Closed aishjain closed 4 years ago
Yeah the documentation could probably use some elaboration :sweat_smile: . It's kinda tough to describe how to use it, because it's abstract. You have a one or more "things" in Python that follow a structure like a list of people described as dictionaries, books described by objects, etc. and you can filter them using a rule defined by either you or the end user. That last part's important, rules are intended to be safely written by the end user without any kinds of injection flaws that might come up from doing something like eval
or exec
.
Take a look at the examples/
directory while I look at adding more documentation. The csv_filter and github_filter are probably the two most simple ones. For the CSV one, you can simply load a CSV file that has column names as the first row, and then apply filters on to the rows. Keep in mind though that all data is treated as strings though, so you can't do integer comparison in this particular usage.
I hope that helps you get started, it might be a few days until I can really write some more docs.

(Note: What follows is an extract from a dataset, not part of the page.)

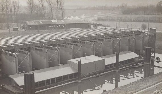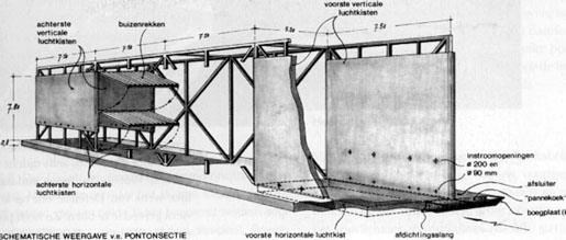 Voor de Waalstuw werden 26 van die secties gebruikt, waardoor een caisson van circa 230 meter lengte (zo breed is de rivier ter plaatse), 9 meter hoogte en 30 meter breedte ontstond. Voor zowel Rijn als IJssel waren 10 van die secties nodig. De benodigde proeven werden genomen in het Waterloopkundig Laboratorium in Delft, met een model op schaal 1:10 en met een enkele echte pontonsectie in de schutsluis naast de stuw bij Lith aan de Maas. In geval van oorlogsdreiging moesten die caissons tot zinken worden gebracht boven een geprepareerde vlakke asfaltlaag in de rivierbodem. Ze pasten precies tussen twee landhoofden, die via pijlerdammen in verbinding stonden met de vaste wal. Zowel de pijlerdammen als de caissons waren voorzien van beweegbare kleppen die na het afzinken systematisch moesten worden gesloten.

Thank you for the quick reply, I tried running the csv_filter.py file, I end up getting errors: usage: csv_filter.py [-h] csv_file rule csv_filter.py: error: the following arguments are required: csv_file, rule
D:\IoT\rule-engine-master\rule-engine-master\examples>python csv_filter.py new.csv rule
Traceback (most recent call last):
File "csv_filter.py", line 81, in
Basically I am not understanding what is meant by passing the argument called rule, what exactly is expected here.?and can you please provide a sample CSV file that can be used here? It might be a very basic question, but it would be a great help for me in understanding your work. Thank ypu!

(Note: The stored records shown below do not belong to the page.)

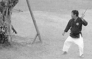 Maître Kenyu CHINEN est spécialiste de cette technique, très spectaculaire et ô combien dangereuse. Le lien permet en outre une saisie du manche très solide. (Ci-dessus: Maître Kenyu CHINEN exécutant le kata Shimotsuki kama).
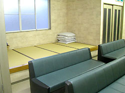 ![]() ↑高齢者や乳幼児を連れた親御さんに好評な 待合室の畳スペース |
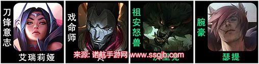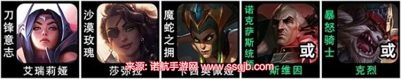同样也是强力单卡+强力羁绊的组合,对比于3诺克萨斯的构筑,烬的输出可能会偏慢,比较依赖2星刀妹提供的坦度
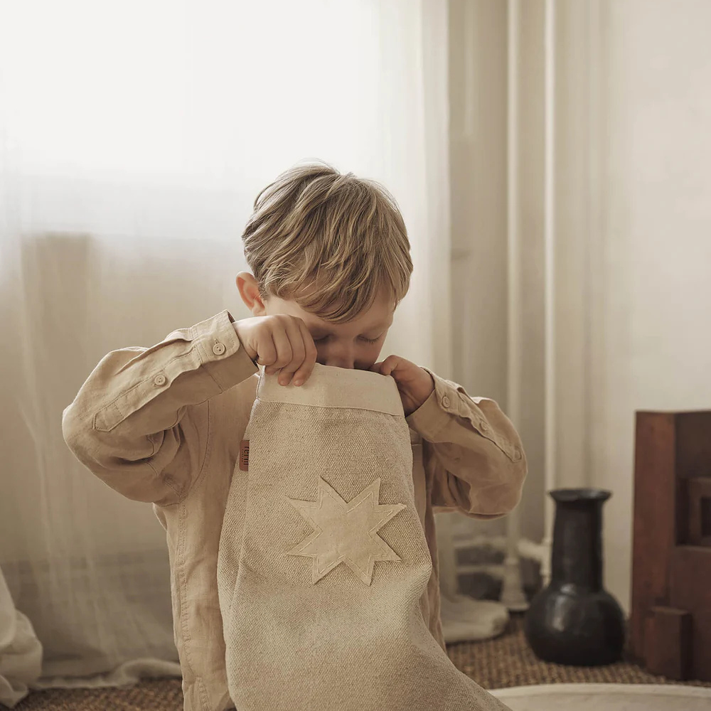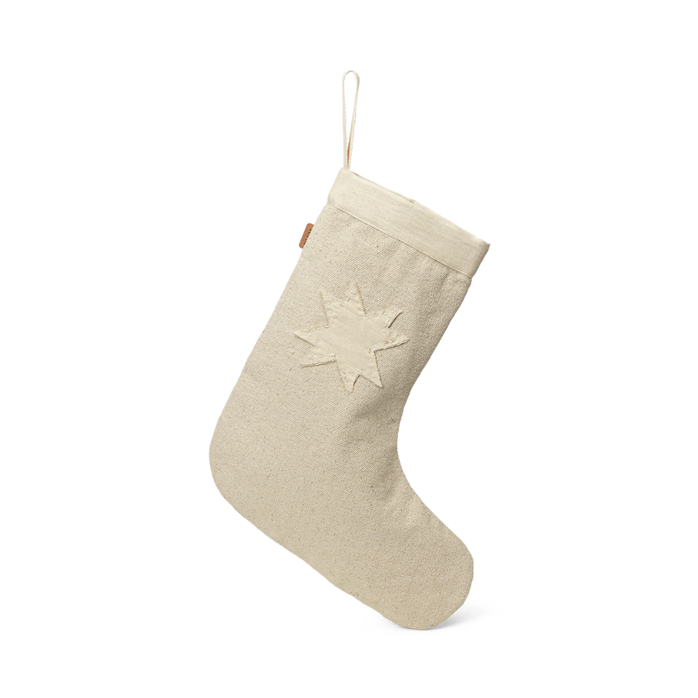 Carefully crafted from natural, undyed GOTS-certified cotton canvas, the Vela Stocking has a carefree, naïve expression that recalls the nostalgia of homemade Christmas decorations. A beautiful, double-layered cotton canvas star has been appliquéd by hand onto every stocking, providing each one with a lovely, unique detail. The edges of the star have been left frayed, underscoring the relaxed, tactile feel of the material. Hang the Vela Christmas Stocking above your fireplace, on a doorknob or on the railing of your stairs to provide the holiday season with an organic yet festive touch.

That's saying that the symbol rule
is not defined in your CSV file. That example expects that the first row is the name of each of the vars. If you're familiar with say Star Wars, you might have a CSV file to describe the characters like this:
test.csv:
firstName,lastName,affiliation,alive
Luke,Skywalker,Jedi,true
Darth,Vader,Sith,false
Han,Solo,Rebel Alliance,true
You could then query that CSV file to find characters that are alive with alive == 'true'
, or characters that are rebels with affiliation == 'Rebel Alliance'
as the rule. Notice that in this case alive
and affiliation
are symbols defined in our CSV file and that are are strings (i.e. alive
is not a boolean, we'd need to load a JSON file for that).
Hi, I am just beginning with rule engines, honestly, it's the first time I am coming across it, I see you have added examples in the repository but can you please elaborate the readme file on how to use them and what do they actually do?It would be really helpful for beginners like me. And sorry for putting it up as an issue, didn't know where else to ask you for the help. Thank you!